I overhear a woman as she gets out of her car and goes into her house, keys jangling as she gestures with one hand while talking into a phone held with the other: “I told you, that’s too much”. And I wonder, what is too much?

A squirrel runs down a tree to the edge of the road, and hesitates, hesitates, hesitates, and then dashes part-way across, sees me coming, stops, turns, turns about again, hesitates, and then sprints the rest of the way to climb a tree, spiralling so that it says hidden from me as I pass. Do bold squirrels live longer, or is it the cautious ones?

I’m walking by the lake, in winter, and there is a thin skim of ice just formed along the shore. As a light breeze disturbs it there is a faint crunch as the ice breaks up, and an almost imperceptible squeak.

I walk past a magnificent magnolia in bloom, just as a gust of wind cascades pink flowers across the sidewalk. Spring snow.

A woman pushing a stroller walks past, oblivious to me and to the child as she talks into her phone, and the child looks over at me and smiles, unnoticed by its mother.

A little guy riding his bike with his mom says “I’m sooooo tired” as he passes me, in just the tone that brings the image of our 3 year old instantly to mind.

On a little side street, 3 gardeners in a row are lined up like life-size gnomes with their colourful gloves and hats, each kneeling and digging amidst their early spring flowers and each oblivious of one another, and of me as I pass.

On side streets all round my neighbourhood there are little monuments, signs, and tokens. COVID-19 has people hunkering down, and at the same time looking up for once, to see the many people who work day in and day out to do the little things – stock grocery store shelves, clean hospitals, prepare and deliver food. I think, when this is over, will new-normal mean old-normal for the cleaners and the shelf-stockers – out of sight and out of mind?
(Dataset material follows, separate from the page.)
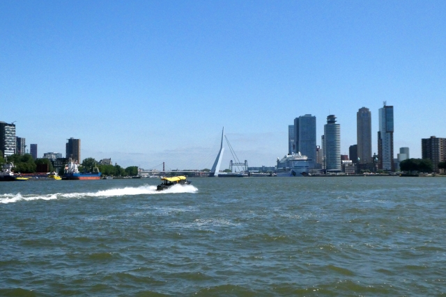 レトロな港町を楽しんだ後は、ヒップな埠頭に移動しましょう。トラムや地下鉄を乗り継いでいく方法もありますが、天気がよければ水上バスがおすすめ。ビアレストランDe Pelgrimからは約20分(1.3キロ)ほど歩きますが(トラムもあり)、St. Jobshavenという船着き場から目的地のKatendrechtまで水上バスが運行されています。約5分と短い船旅ですが、水上からみるロッテルダムのビル群もなかなかのもの。

I’m walking on one of the first nearly hot days of late spring and a young woman jogs past – early 20’s perhaps. I see the literal bloom of youth on her cheeks, long legs and easy grace, and think to myself, youth is beautiful. Can I appreciate that she’s gorgeous, purely on an aesthetic basis, now that I’m old enough to be more than her father? (Don’t say grandfather!) Like the girl from Ipanema, she doesn’t see me. And then the moment passes – steady on Nabokov, I think. Don’t get purvy.

Walking in Glendon Woods, my mind goes back to when I attended the school and walked these same paths. There are new leaves and shoots all around me, and the only sound is the West Don River mingling with the birds. It’s warm but not hot, earth-rich scented. There’s no one around. I could be alone in a forest 1000 km from here. Where did 40 years go?